洞窟は更に斜め下へ延びている。道幅はさっきより少し広くなった。
先頭を歩く子どもたちの足取りは軽い。こんな暗くて狭い所で怖くないのだろうか。
これが若さなのか好奇心なのか、それとも両方なのか分からないが、頼もしさを感じる
ほどにその足取りは軽快だ。
暫く進むと少し開けた場所に出た。子どもたちが魔術石を使って辺りを照らす。する
とそこは少し大きな部屋だと分かった。そして……。
ルード君が部屋の奥に進みながら言う。
「なんか壁に書いてあるみたいだな。何々? 『この剣を持つに相応しい者の名を答え
よ』か……」
文字の上に剣が描かれている。それは何も変哲もないただの剣だ。唯一普通の剣と違
う所があるとすれば、鍔の部分に図柄というか、模様が入っている所だろう。その図柄
は『つ』という字を縦にみっつ並べた様な字だ。
ルード君はその剣を見て言った。
「う~ん……どこかで見たことあるような~……」
皆がルード君の所に集まると、フーカちゃんが「はいっ! はいっ!」と大きな声で、
手を上げて言った。
「私分かったよ! 『つ』がみっつでミッツさんよ!」
ルード君は振り返って怒り出した。
「いや、誰だよ!」
「家の近所の八百屋さんのおばあさんだよ」
「なんで八百屋のおばあさんが剣持ってんだよ! 元冒険者か何かかよ!」
「きっとそうだよ。ルード君頭いいね」
フーカちゃんは何やら感心している。
「そんなわけあるかー!」
ルード君がゼェゼェ肩で息をしている中、ユーリ君が言った。
「そうですよフーカちゃん。この洞窟が出来たのはおそらくその八百屋のおばあさんが
生まれる前の事でしょうから、八百屋のおばあさんではありません。きっと答えは名の
ある英雄だと思います。そこから導き出される答えは……」
ルード君とフーカちゃんは息を飲んだ。
「答えは……?」
ユーリ君の眼鏡が光輝く。
「その答えは……ヒデオですよ。英雄と書いてヒデオって読むでしょ?」
ルード君とフーカちゃんは言った。
「しょうもな」
この流れだと次はルード君かな……と私は思っていたが、違った。話始めたのはアデ
ルだった。
「いいかお前ら、ここはおそらくロマリオ族の遺跡か何かだ。

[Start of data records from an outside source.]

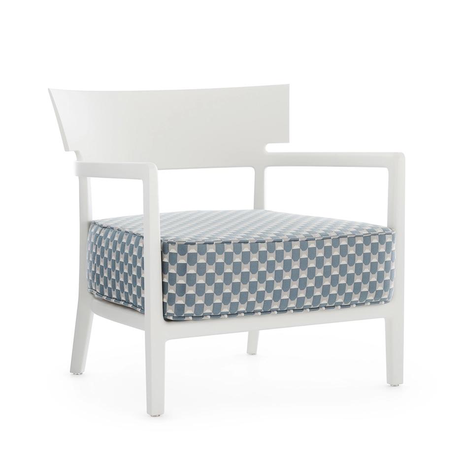 KARTELL fauteuil pour l'éxterieur CARA OUTDOOR MAT (Blanc / Bleu - Polycarbonate peint doux au toucher et tissu Obi Check)
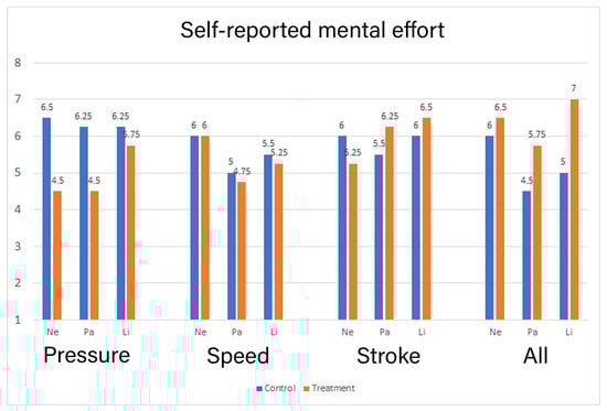 Self-reported questionnaires were used to collect the response on the mental effort required during each iteration. The mean response for both the control and treatment group according to the type of feedback is presented in Figure 6. We conducted the Shapiro-wilk test, which showed that control group iteration Ne_Pressure, Ne_all, Pa_pressure, Pa_stroke, and Pa_all were not normally distributed. While in the treatment group, iterations Ne_All and Pa_stroke were not normally distributed. A Manova was conducted to compare the mental effort between the control and the treatment group. There was no significant difference in the self-reported mental effort for all the iterations between the control and treatment group (see Figure 6).
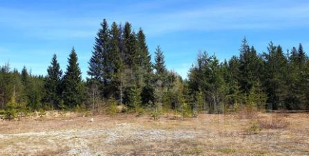 Площадь 16 соток, отсыпан и спланирован. Крупные деревья убраны, оставлены небольшие елочки для красоты и уюта.
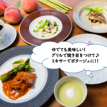 ※ SUZU農家×レストランをご利用のお客様は、ご予約時にアスパラガスの希望数量をお知らせください。
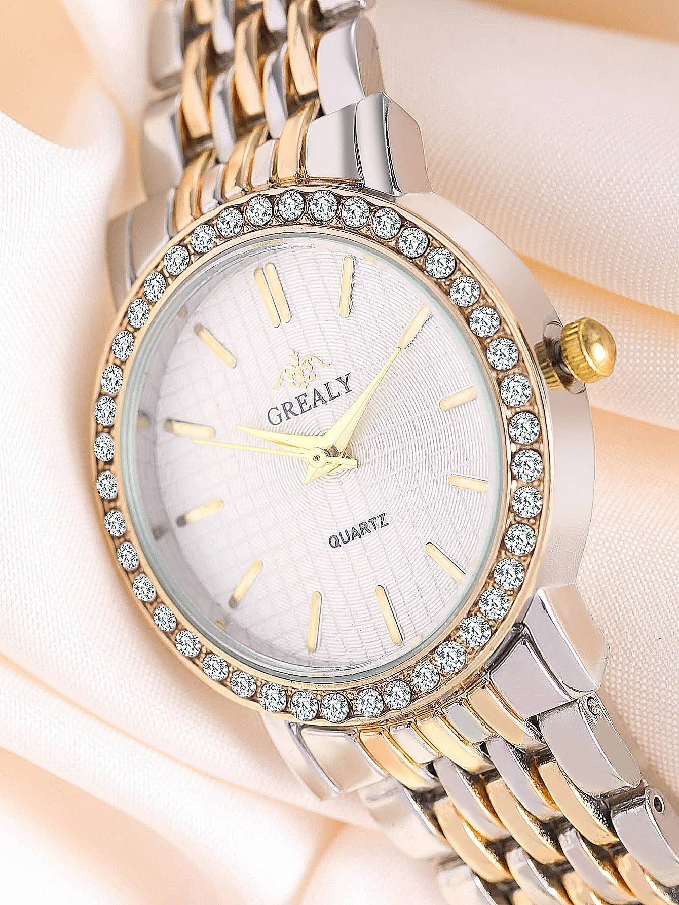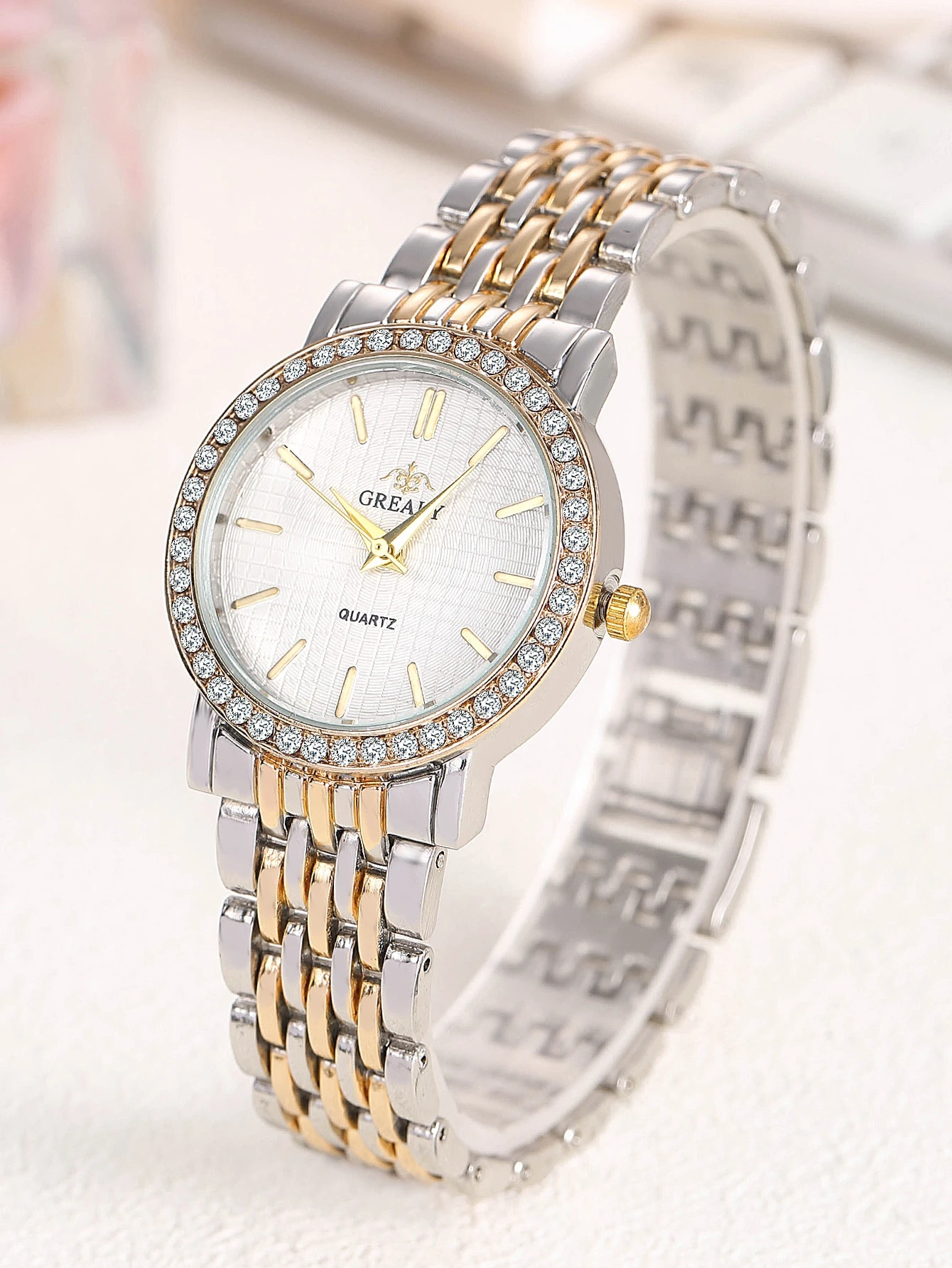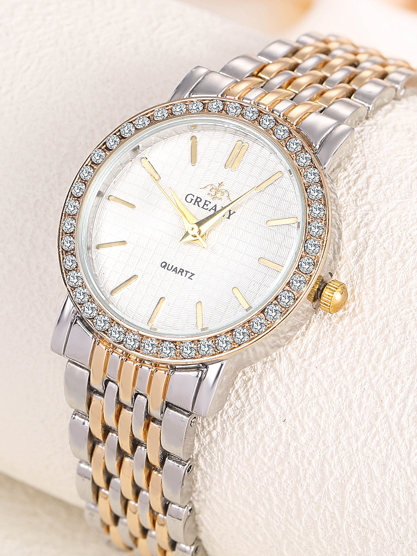 GREALY Rhinestone Decor Round Pointer Quartz Watch Holiday

そうだとすると、この剣
の持ち主はロマリオ族の族長のことだ」
ユーリ君は納得した。
「なるほど、確かにそうですね。して、その族長の名前は……?」
「その名前はな……」
「その名前は……?」
子どもたちは息を飲む。だがこの流れも前にやった。
「知らん。ロマリオ族なんてさっきカンヤが話してたので初めて知ったし」
子どもたちはズコッった。やっぱりね。
フーカちゃんは立ち上がり、言う。
「ちょっとアデルちゃん……あっ……ということは、カンヤお姉ちゃんなら分かるん
じゃ……!」
ルード君は起き上がり、フーカちゃんに賛同した。
「た、確かに……!」
ユーリ君も立ち上がり、賛同する。
「なるほど、確かにそうですね!」
カンヤさんは期待の眼差しを子どもたちから向けられる。しかし、カンヤは否定した。
「いえ、さすがに私もそこまでは知らなくて……この剣も初めて見ましたし……」
ルード君が怒り出した。
「なんでそこで諦めるんだよ! 諦めんなよ! お米食べろ!」
「え? あっ……え? お米? わ……分かりました、頑張ってみます……」
カンヤさんはよく分からない激励に困惑しつつも、剣の持ち主ついて思考した。そし
て導き出された答えは……。
「分かりました! シュウゾウ! シュウゾウですよ!
今頭にビビッと来たんです!」
カンヤさんはドヤ顔で、なぜかとても自信満々に言った。そんなカンヤさんにルード君
は言った。
「あっ、もういいっす」
カンヤさんは隅っこで泣き始めた。カンヤさんは悪くないよ。良く頑張ったよ。
フーカちゃんは私に向かって言った。
「ティアお姉ちゃんは分かる~?」
「う~ん、何かな~。私が思いつくのだと『ラティーア・ロンドベルト』とか……後は
『ハールトマン・ヴェラトリウス』とかしか思いつかないな~」
フーカちゃんはきょとんとした表情をした。
「誰それ~?」
私の代わりにユーリ君が答えた。
「『ラティーア・ロンドベルト』は世界で初めて箒で世界一周し、世界地図を作った大
魔法使いですね。最強の魔法剣を持っていたとか。『ハールトマン・ヴェラトリウス』
は吸血鬼族の王で、彼が持つ剣で切られると体中の血を吸い尽くすっていう伝説がある
んですよ」
「へ~。ユーリ君もティアお姉ちゃんも物知りさんだね~」
しかし、どうやら不正解のようだ。
そこでどこからともなく「フッフッフッ……」と言う声が聞えてきた。
声の主は……ルード君だ。
「分かった……分かってしまった。やはり俺は天才なのかもしれない」
皆はルード君の方を向いた。カンヤさんもいつの間にか戻って来た。
フーカちゃんが「本当?」と訊くと、ルード君は言った。
「ああっ。いいかお前ら。ここはアークラードという国の……」
石の壁の一部が重い音と共に動き、通路が現れた。